The easiest way to explain the Space Toilet is to not start with the toilet at all, but rather the wet shop-vac, which is much closer to the space toilet than an actual toilet is. You see, without gravity pulling everything down, anything will just tend to pool up, attached to whatever it last was. This problem, in NASA technical jargon as it relates to human waste, is called “lack of separation”, and the space toilet’s function is mostly to facilitate separation. And so, the space toilet is both the fanciest toilet in the world, but also the most advanced shop-vac, since their solution was to narrow the opening for waste and create meaningful suction.

1. Pooping in space is hard to do.

As far as using one is concerned, it’s conceptually as simple as literally vacuuming human waste into the system. Flip a switch, and fans start up and create a vacuum. Number 1 is pretty strait forward, and with a handy flexible tube attachment, it is nearly impossible to mess up aiming for guys (sorry ladies). Number 2 is entirely different, and in reality, usually requires hours and hours of practice for astronauts to get right. Astronauts actually have scheduled space pooping training sessions on the ground, because failure in space is a much worse mess to deal with, and nobody wants to be famous for defecating on multi-million dollar equipment and having bits float about the place (NASA’s term for these are “escapees”). Talk about potential for being a bad roommate.

2. There is no water or sewer system to tap into. Also, no atmosphere to rely on.

This is why space toilets are so complicated and expensive, like so many other things in space. This isn’t just a toilet, it’s a whole municipal water treatment system in miniature, that runs with minimal water, and can’t get oxygen or anything else from the atmosphere, and has to contain it’s smells perfectly. Really, zero gravity is probably the simplest problem for the engineers to solve with the device, and the only advantage being in space give you for this is all the free “cold” you could want.

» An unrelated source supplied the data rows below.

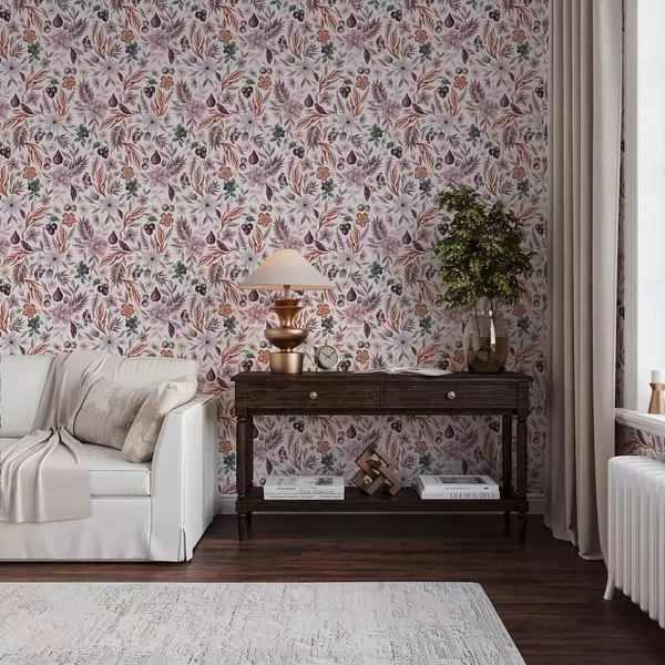 Tapet Lyse bær, blomster og blader i akvarellstil Nr. a00298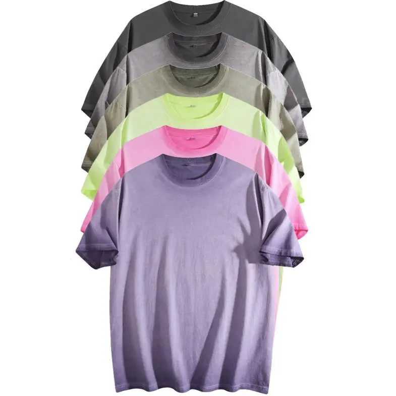 Six classic fluorescent and neutral acid-washed colors are available: Charcoal Black, Gray, Olive Green, Fluorescent Green, Rose Red, and Lavender Purple.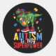 Dinosaur Rex Autism Is My Superpower Autism Awaren Classic Round Sticker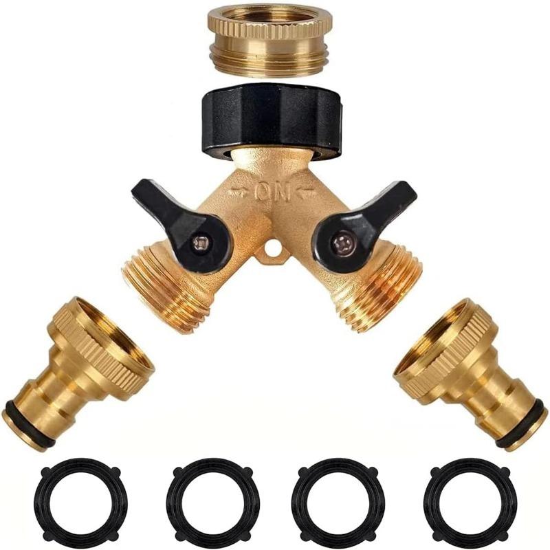 Латунный распределитель для шланга - 1/2 и 3/4 Y-образный распределитель для крана с запорным клапаном, 2-сторонний соединитель для дома, сада, улицы золотой

3. Even though the Space Toilet is awkward to use, it beats the Apollo and Gemini systems.

Before the Space Toilet, there was the “Fecal Containment System” and “Urine Containment Device”.

Number 1:

The urine containment device is basically a disposable condom that attaches to a bag for collection, and ultimately then the urine is to be ejected into space.

apollo-urine-bag

The secret to Kevin Bacon making the “Constellation Ur-ine!” before things got crazy on Apollo 13.

Since engineers needed the connection to be snug, so to speak, they handed out the different sizes – Small, Medium, and Large and surveyed astronauts about which condom size fit the best. Naturally every one said Large every time, and eventually they actually had to start labeling them Large, Gigantic, and Humongous. Simply so astronauts wouldn’t end up with wet spacesuits out of stubborn pride. At least back then you could watch it spray out into space, which was apparently one of the more unexpectedly pretty things you could see in space.

Number 2:

An inverted hat shaped doggy-doo bag.

An inverted hat shaped doggy-doo bag, but for people. Classy.

The all the elegance of a plastic bag, with finger bags (called finger cots in the tech specs) for manipulation. Bonus: Since there is live bacteria that will swell and rupture the bag over a period of many hours, you have the dubious honor of getting to massage some germicidal gel into the bag when you are done. Well, at least you are an astronaut at a time when ticker-tape parades were a thing, so you got that to look forward to. Also, these things probably cost a fair bit of taxpayer money, so it’s sort of decadent for the user in a way. So it’s all in the frame of mind.

 

As you can see, what amounts to a multi-million dollar shop-vac is a step up, and thus the Space toilet is the ISS preferred choice.